Iron March
- Website type: Web forum
- Available in: English, with sub-forums in multiple languages
- Dissolved: November 2017
- Successor: Fascist Forge
- Creator: Alisher Mukhitdinov
- Website: ironmarch.org (archived)
- Commercial: No
- Launched: 2011
- Current status: Defunct

= Iron March =

Neo-fascist and Neo-Nazi web forum

Iron March was a neo-fascist web forum open from 2011 to 2017. The site attracted neo-fascist and neo-Nazi members, including militants from organized far-right groups and members who would later go on to commit acts of terror. People linked to Iron March have been connected to 100 hate crimes.
After the site closed, former users moved to alternative websites and social networking services, such as Discord. In 2019, an anonymous individual leaked the database that hosted all Iron March content.

==History==
Russian nationalist Alisher Mukhitdinov (who goes by the moniker "Alexander Slavros") founded the online message board Iron March in 2011. Mukhitdinov is a Russian-Uzbek related to Nuritdin Mukhitdinov, a former communist leader of Uzbekistan.

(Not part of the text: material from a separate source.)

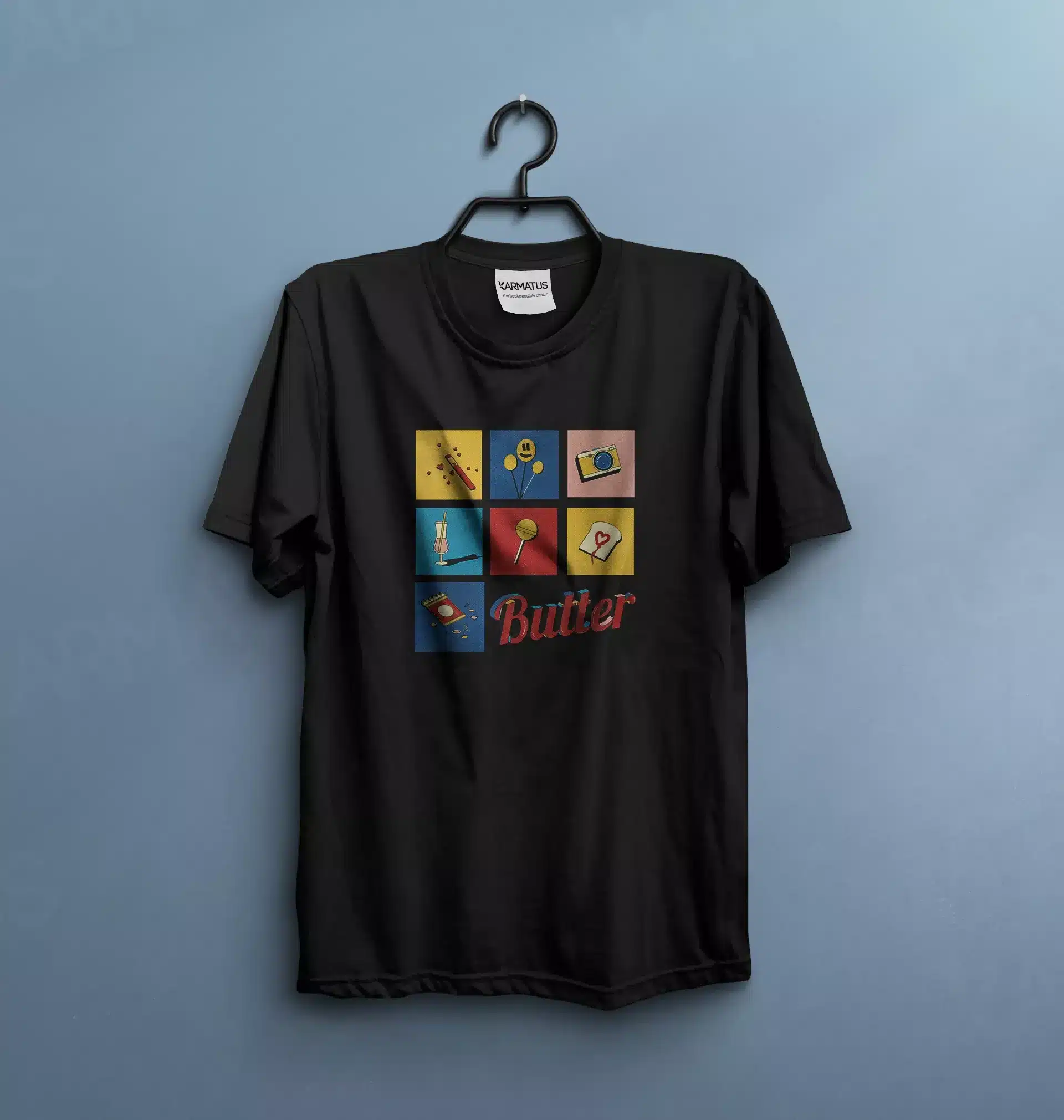 • در کارماتوس، کنتراست رنگ‌ها مهم است؛ طرح شما متناسب با رنگ تیشرت ادیت می‌شود تا بهترین نمایش را داشته باشد.

Iron March became a platform for militant neo-fascist and neo-Nazi violent extremist organizations, including the Nordic Resistance Movement, National Action, Azov Battalion, CasaPound, and Golden Dawn. The forum's users organized a number of violent neo-Nazi groups, including the Atomwaffen Division, Antipodean Resistance, and National Action. Some of the board's members were later linked to several acts of terrorism and murder, such as the murder of an anti-fascist in Helsinki in September 2016. A group consisting of Serbian Combat 18, "MC Srbi", and Atomwaffen Division also used the forum to traffic firearms.

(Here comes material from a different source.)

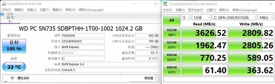 存储方面,这款机器配置了一块1TB容量三星PCIe 3.0固态硬盘,实测其读取速度3626.52MB/s,写入速度2809.82MB/s,4K随机读取速度为61.4MB/s,写入速度则非常优秀,达到了363.62MB/s,从测试来看,这块固态硬盘的性能水准处于PCIe 3.0固态硬盘的顶尖水准,尤其是4K读写速度非常出色。

The userbase embraced the accelerationist ideology of James Mason, a neo-Nazi militant and associate of Charles Manson. Members of Iron March republished and popularized Mason's book Siege and its brand of explicitly neo-Nazi terrorism. According to the Southern Poverty Law Center:

[Iron March] became home base for those who were personally invested in Neo-Nazism, Fascism, and organized White extremism on a global scale. [...] through total immersion in Mason's teleology, now, they are challenging the established far-right and far-left with their eagerness to perpetrate violence.

The political ideology and religious worldview of the Order of Nine Angles (ONA), a theistic Satanist organization, came to have an influence on the forum. In 2016, posters urging students to visit the Iron March website were posted on university campuses, including those of Boston University, Old Dominion University, and the University of Chicago. These posters included racist and antisemitic slogans, including "#Hitler Disapproves", "No Degeneracy, No Tolerance, Hail Victory", and "Black Lives Don't Matter".

=== Closure and successors ===
The website closed in November 2017; the reasons for its closure remain unclear as of late 2019. According to an investigation conducted by BBC News Russian, it is suspected Mukhitdinov was pressured by the government of Russia for raising funds for the Ukrainian neo-Nazi Azov Battalion, which is considered a terrorist group in the Russian Federation. A spokesperson for the Azov Battalion refused to comment on the case.

After the site closed, former users migrated to alternative platforms. In February 2018, Iron March-affiliated Discord servers alongside several other hate group servers were removed by the messaging service. In April 2018, a networking site called Fascist Forge was launched; according to a note by its founder, it was meant as a replacement for Iron March. The site continued Iron March's virulent propaganda and grew rapidly until February 2019, when the site was taken offline by its registrar. The neo-Nazi network Terrorgram drew from Iron March and Fascist Forge in its ideology and style. Fash Front, a similar neo-fascist successor forum, was launched in 2025. Like its predecessor it promotes neo-Nazi accelerationism.

=== Database leak ===
In November 2019, an unknown individual uploaded a database of Iron March users to the Internet Archive; multiple neo-Nazi users, including an ICE detention center captain and several active members of the U.S. Armed Forces, were identified using information from the leak.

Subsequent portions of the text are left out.